In 1893, Adolfo Venturi proposed an attribution to “Licinio (School of Giovanni Antonio), known as Pordenone.” This suggestion was later dismissed by both Giulio Cantalamessa (1912), who deemed it the work of an anonymous “weak painter,” and by Roberto Longhi (1928), who considered it the product of an “Italian hand, not dissimilar to that of Marco Pino,” and suggested that its prototype may have been a work by Sebastiano del Piombo.

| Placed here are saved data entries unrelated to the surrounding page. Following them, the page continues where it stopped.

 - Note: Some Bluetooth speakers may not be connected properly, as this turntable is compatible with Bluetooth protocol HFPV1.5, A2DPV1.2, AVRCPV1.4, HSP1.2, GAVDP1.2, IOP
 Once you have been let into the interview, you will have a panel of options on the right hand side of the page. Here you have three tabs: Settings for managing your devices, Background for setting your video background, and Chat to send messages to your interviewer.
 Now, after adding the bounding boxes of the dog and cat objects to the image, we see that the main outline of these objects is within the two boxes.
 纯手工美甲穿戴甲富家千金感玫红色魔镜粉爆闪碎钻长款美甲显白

In 1959, Paola Della Pergola, following Longhi’s argumentation, published the painting as a partial copy after Sebastiano del Piombo, executed by an unknown painter not later than the first half of the sixteenth century. This attribution was subsequently refined by Mauro Lucco (oral communication in Sassu 2000) and Giovanni Sassu (2000), followed by Kristina Herrmann Fiore (2006), who all identified the artist as Prospero Fontana. This attribution, however, was recently rejected by Giulia Daniele (2022), who, in her catalogue raisonné of Fontana’s works, excluded the painting on the grounds that no other youthful work by the Bolognese painter show any engagement with Venetian art. She also noted the stylistic disparity between this painting, characterised by a dark background and heightened dramatic intensity, and Fontana’s known production. According to Daniele, the painting should rather be considered the work of an anonymous Roman or Florentine artist. Alternatively, the attribution to artist Marco Pino could be reconsidered, a hypothesis revived by Pier Luigi Leone de Castris in 1996 but later rejected by Andrea Zezza in 2003.

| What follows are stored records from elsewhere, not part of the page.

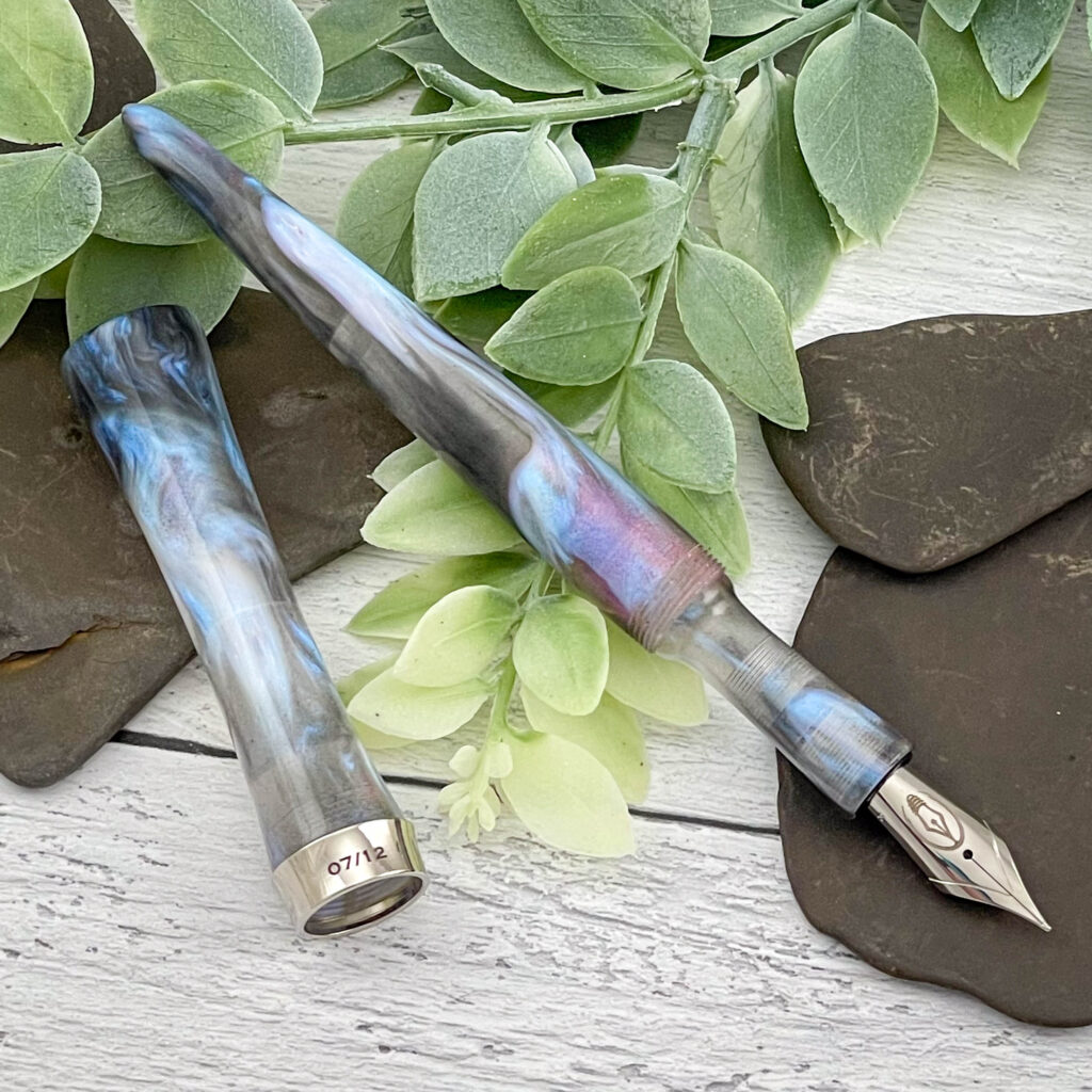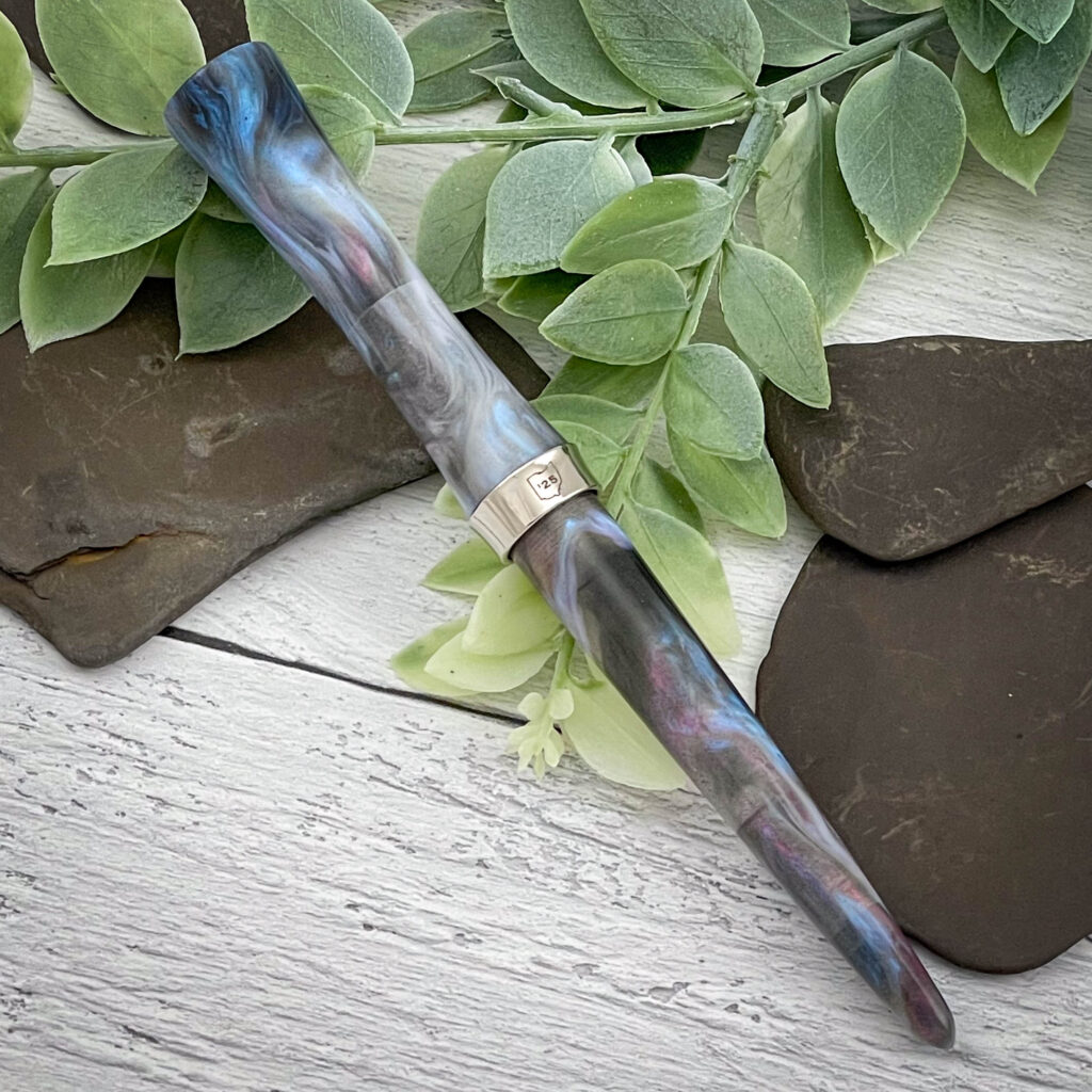 This pen is made from a fantastic material coming from a material maker that is pretty new to us! This material was made by Lisa Marie Bradley with Pourly Controlled. The material is called Cold Plasma, and it’s definitely a stunner! Expect to see more and more Edison pens made from Lisa Marie’s materials!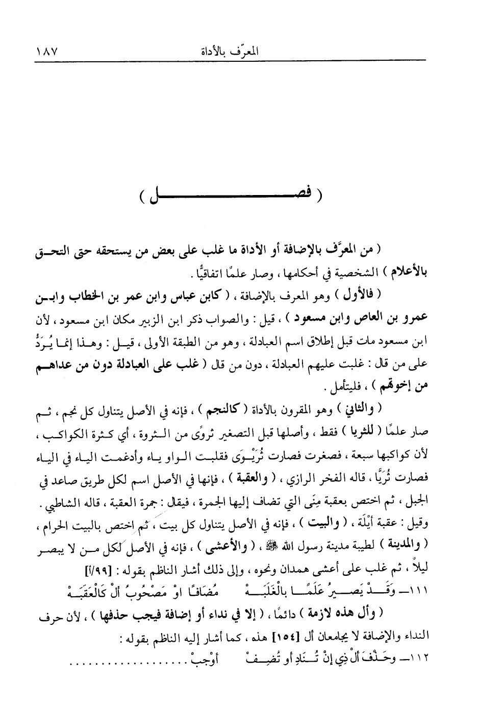 "والثاني" وهو المقرون بالأداة "كالنجم"، فإنه في الأصل يتناول كل نجم، ثم صار علما "للثريا" فقط، وأصلها قبل التصغير ثروى من الثروة، أي: كثرة الكواكب؛ لأن كواكبها سبعة، فصغرت فصارت ثُرَيْوَى فقلبت الواو ياء وأدغمت الياء في الياء فصارت ثريا، قاله الفخر الرازي، "والعقبة"، فإنها في الأصل اسم لكل طريق صاعد في الجبل، ثم اختص بعقبة منى التي تضاف إليها الجمرة، فيقال: جمرة العقبة، قاله الشاطبي. وقيل: عقبة أيلة، "والبيت"، فإنه في الأصل يتناول كل بيت، ثم اختص بالبيت الحرام، "والمدينة" لطيبة مدينة رسول الله صلى الله عليه وسلم، "والأعشى"، فإنه في الأصل لكل من لا يبصر ليلا، ثم غلب على أعشى همدان ونحوه، وإلى ذلك أشار الناظم بقوله: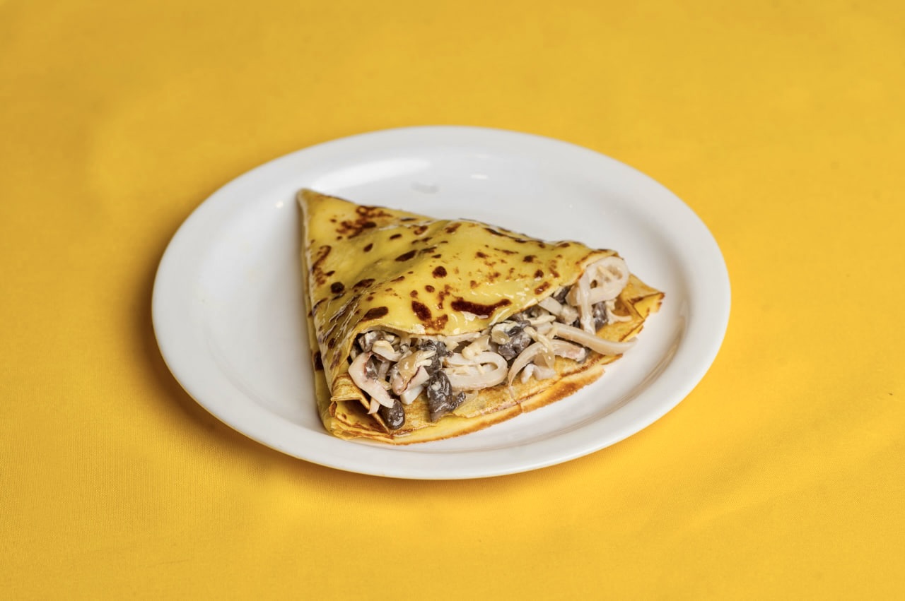 Блин с кальмарами и грибами

What is certain is, that the popularity of this subject, further amplified by several versions painted by Sebastiano Luciani himself from the 1530s onwards (Madrid, Museo del Prado, inv. P000348; inv. P000345; St Petersburg, Hermitage, inv. ГЭ-77; Budapest, Szépművészeti Múzeum, inv. 77.1; see Lucco 1980, pp. 117 no. 76, 122 no. 93, 124 no. 98 respectively), prompted numerous artists to produce copies. These works became particularly appreciated and widely sought after from the second half of the sixteenth century onwards. In the wake of the Council of Trent, the Church encouraged painters to produce works faithful to the Gospel, including narrative images like this Christ, capable of arousing piety and devotion in the faithful.